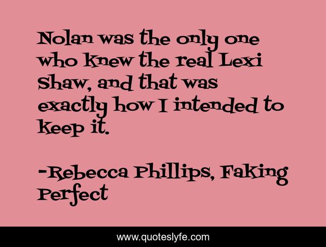 This page presents the quote "Nolan was the only one who knew the real Lexi Shaw, and that was exactly how I intended to keep it.". Author of this quote is Rebecca Phillips, Faking Perfect. This quote is about secrets, ya, faking-perfect,.
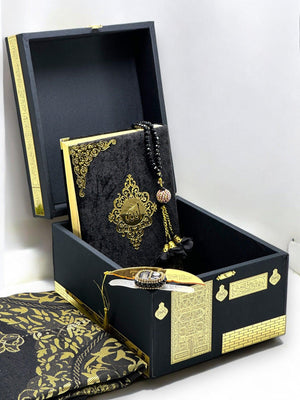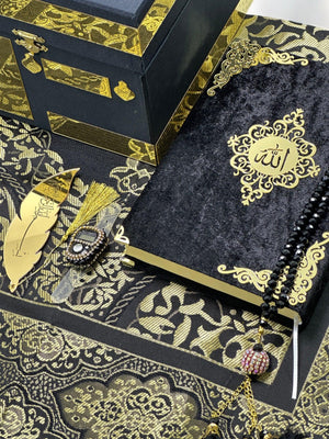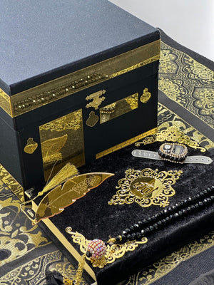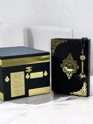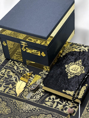 Özel Kabe Tasarımlı Hediye Seti - Kuran-ı Kerim, İnci Tesbih, Zikirmatik, Ayraç ve Seccade
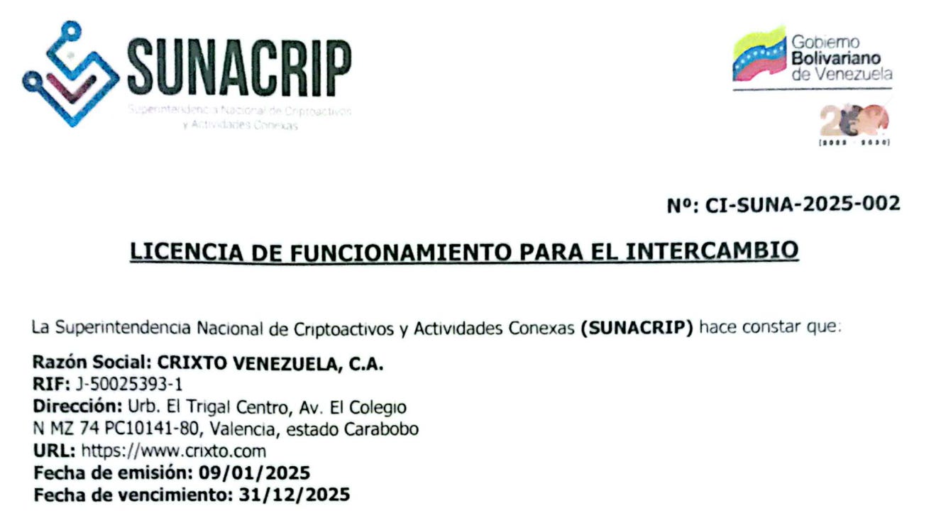 Crixto 并没有努力掩盖它在做什么。它 获得了由委内瑞拉加密货币监管机构 SUNACRIP 颁发的许可证,日期为 2025 年 1 月 9 日,由 Anabel Pereira Fernández 签署,她是负责重组 SUNACRIP 的委员会主席。
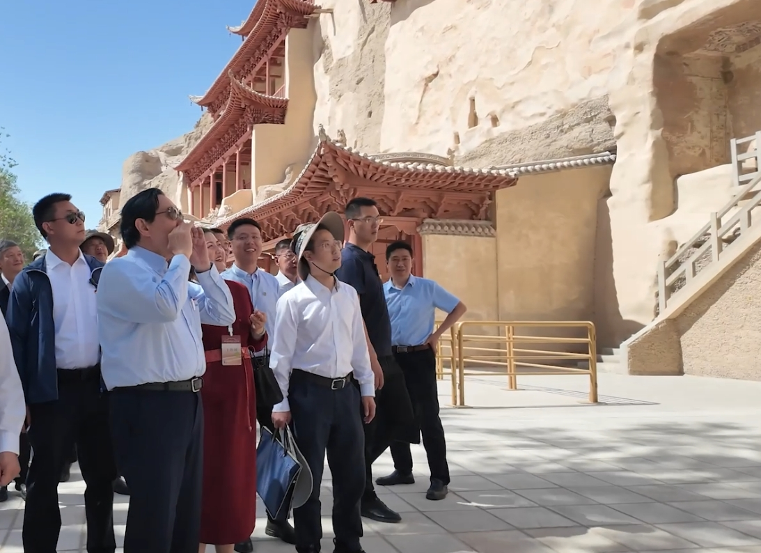 香港新聞網6月26日電(記者 周文菁 鄭竣凱)台灣當局前領導人、中國國民黨前主席馬英九率台灣青年學子第四次訪問大陸,26日在敦煌參訪莫高窟。台灣青年學生表示,參觀莫高窟令人興奮,站在壁畫前,“感覺自己拿到了通往過去的鑰匙”。
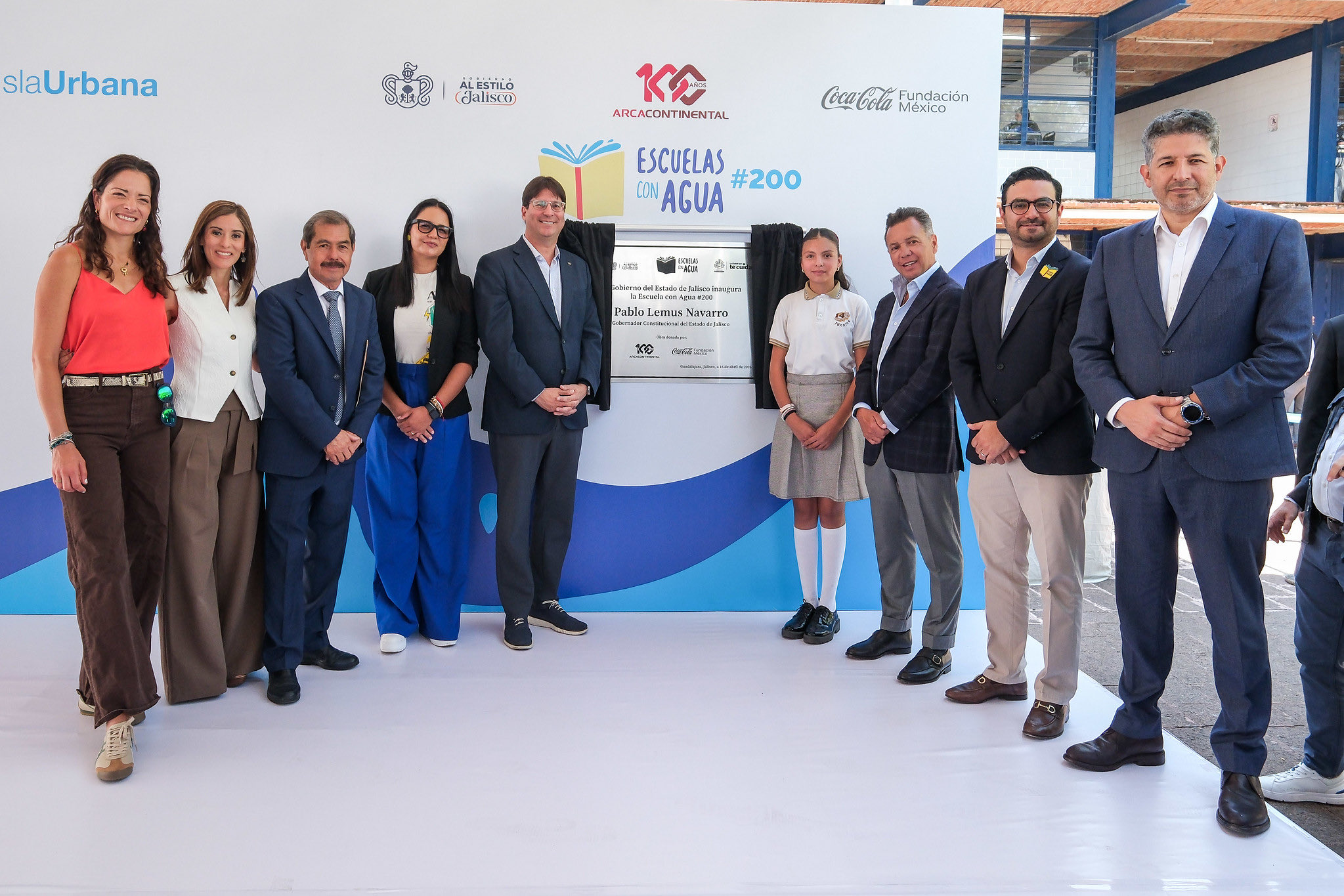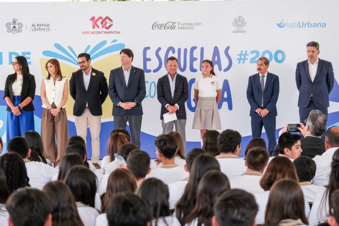 Jalisco.- Con el objetivo de fortalecer el trabajo conjunto que garantice el acceso al agua y promueva una cultura de uso responsable, Pablo Lemus Navarro, Gobernador del Estado, celebró la instalación del sistema de captación de agua pluvial número 200, a nivel nacional, del programa “Escuelas con Agua”, impulsado por Arca Continental y Fundación Coca-Cola México.
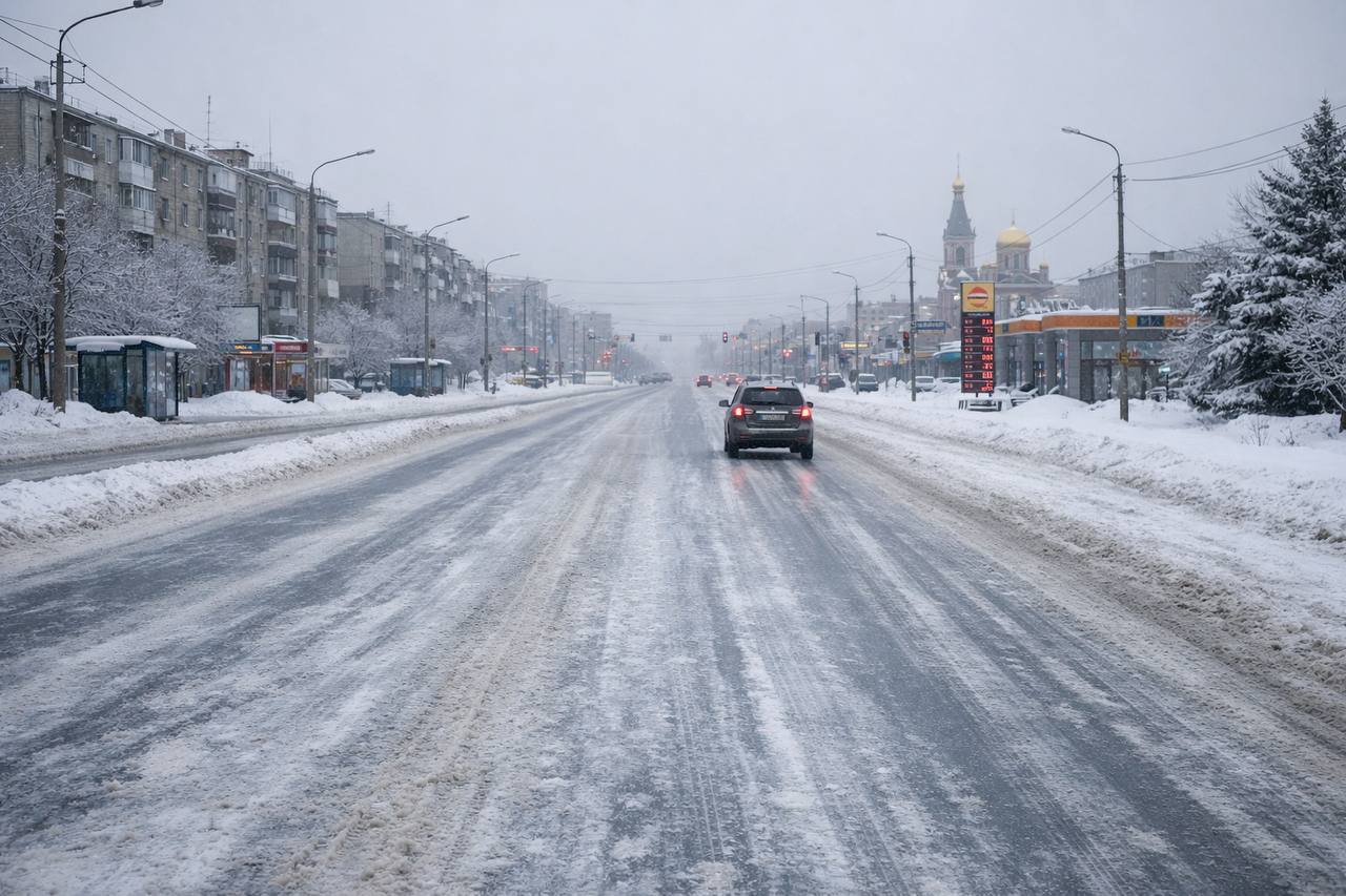 Это не просто рыхлый снег, а плотный, укатанный колёсами слой. Он появляется, когда влажный снег на асфальте уплотняется под давлением машин. Такой накат ухудшает управляемость, повышает риск заноса и увеличивает тормозной путь. Объяснил ЦГМС.
####
> _WORK TO COMPLETE_
Leaving aside every picture, transcribe exactly the lines that run from the one with "Jalisco.- Con el" to the close of the listing above.

> _WRITTEN RESPONSE_
 Jalisco.- Con el objetivo de fortalecer el trabajo conjunto que garantice el acceso al agua y promueva una cultura de uso responsable, Pablo Lemus Navarro, Gobernador del Estado, celebró la instalación del sistema de captación de agua pluvial número 200, a nivel nacional, del programa “Escuelas con Agua”, impulsado por Arca Continental y Fundación Coca-Cola México.
 Это не просто рыхлый снег, а плотный, укатанный колёсами слой. Он появляется, когда влажный снег на асфальте уплотняется под давлением машин. Такой накат ухудшает управляемость, повышает риск заноса и увеличивает тормозной путь. Объяснил ЦГМС.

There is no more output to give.